Florida, likewise, presents a significant history. As recently as the disputed 2000 contest between Bush and then Vice President Al Gore, the US Supreme Court stepped in to end an extended recount, giving the election to Bush. Gore won the nationwide popular vote. The four states all lie in the US Eastern Time zone, where polls will be closing first. Thus, an Obama victory in any one of them could be a strong predictor of the election's final outcome. For McCain, on the other hand, a victory in all four of those states where the latest Associated Press-GFK survey shows Obama leading or tied still would not get him to 270 electoral votes. The AP poll shows Obama leading McCain by 7 percentage points, 48-41, in Ohio and by a similar margin, 49-42, in Virginia. In Florida and North Carolina, Obama holds 2-point leads, both within the polling margin of error.
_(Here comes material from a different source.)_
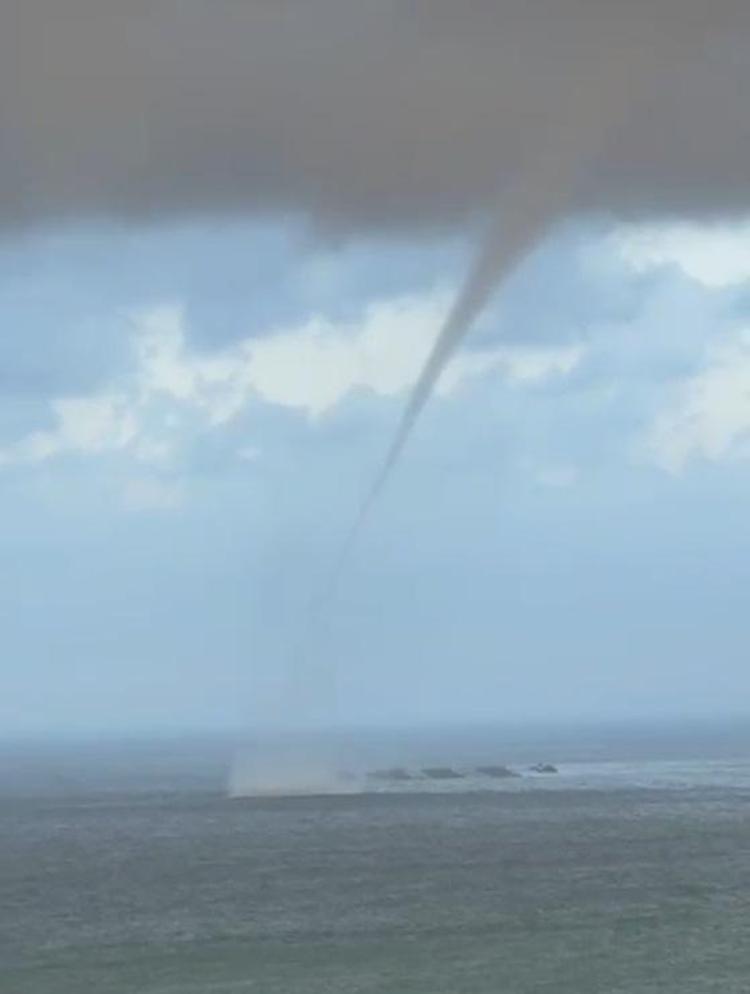 Hatay'ın İskenderun ilçesi açıklarında sabah saatlerinde etkili olan hortumun, denizdeki balık çiftliğini teğet geçtiği görüntüler ortaya çıktı.
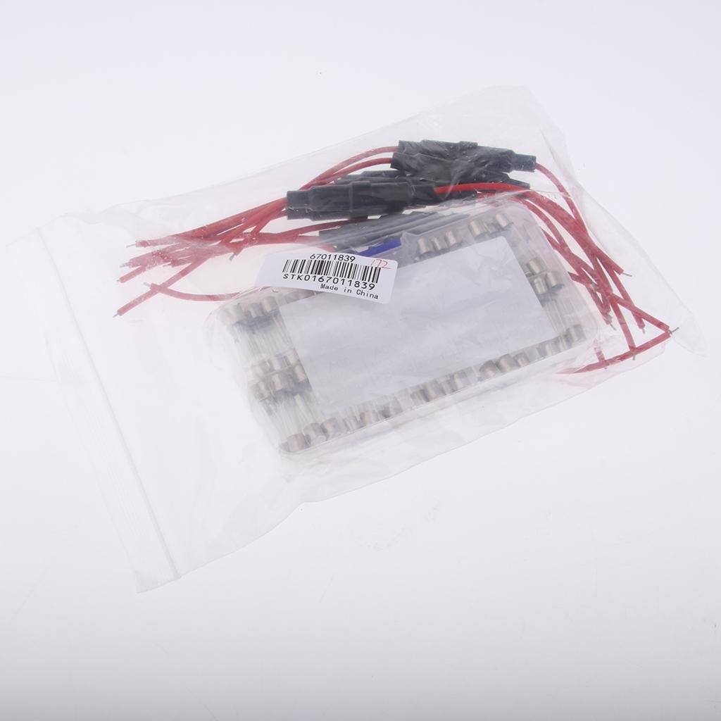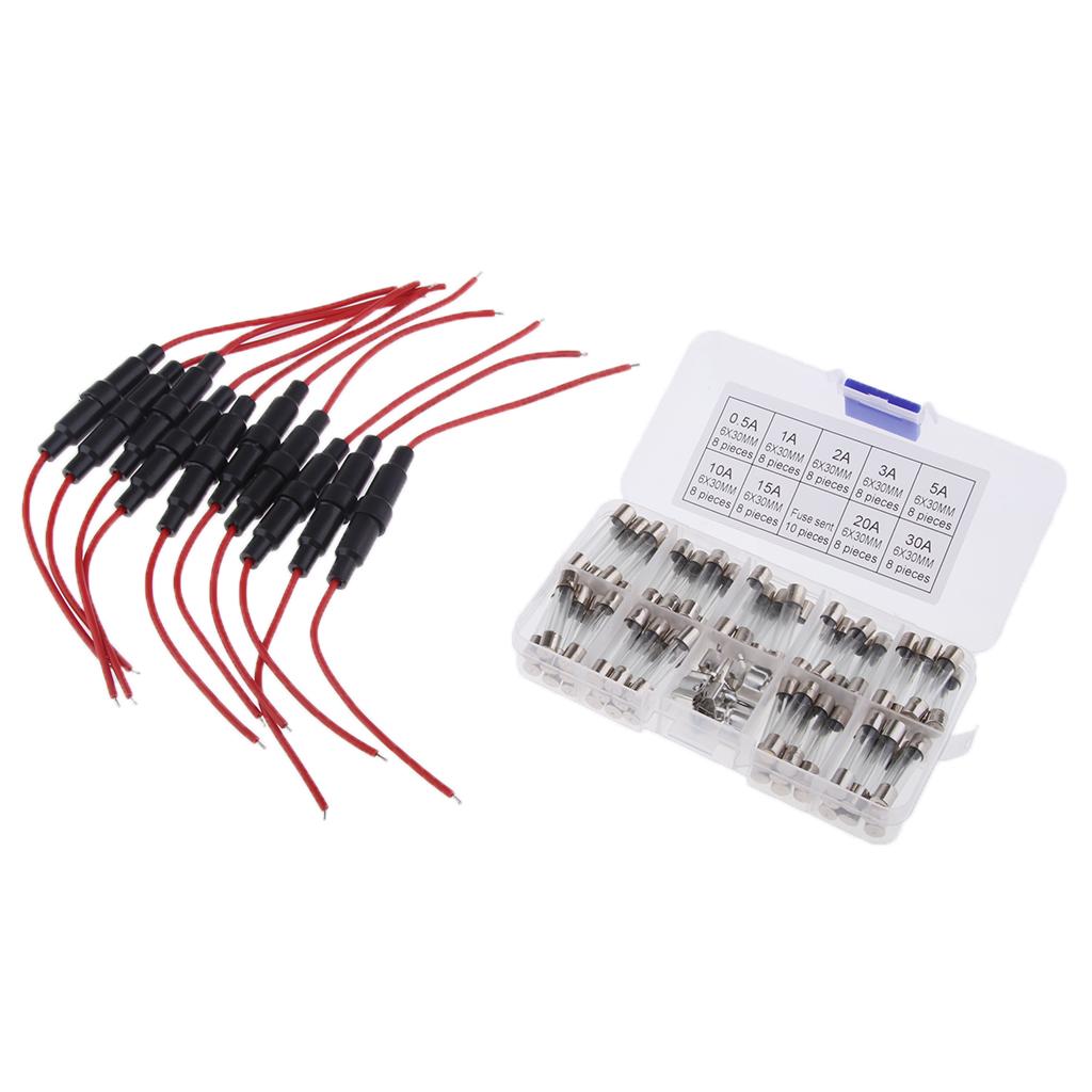 72pcs 6x30mm 0.5-30A Quick Blow Glass Fuses Kit + 16 AWG Wire AGC Inline Fuse Holder Screw Type

The picture could change dramatically if McCain's most recent campaign charge in Pennsylvania has proven fruitful. Were he to win there, he could pick up 21 electors that, combined with those in the other four eastern battleground states, would put him over the 270 mark. Most polls show Obama with a hefty margin in Pennsylvania. All such permutations and combinations depend, of course, on polls proving correct and the absence of hitches in state by state voting.

None of the scenarios depending on the Eastern battleground states take into account once-reliably Republican Indiana, Missouri, Colorado and Nevada, any of which Obama could win. Some polls show Obama with slight leads within the margin of error in both Indiana and Missouri, while other surveys put him significantly ahead in both Nevada and Colorado. None of these four states, however, would come into play unless McCain pulls several upsets beyond Pennsylvania in states that will be closing first in the eastern United States.

Given current polling, and again assuming they are correct, McCain has very few paths open in his bid to gain the White House. That does not foreclose victory but requires an extraordinary flow of votes in his direction in many states now in Democratic column in the final few days before Tuesday's vote.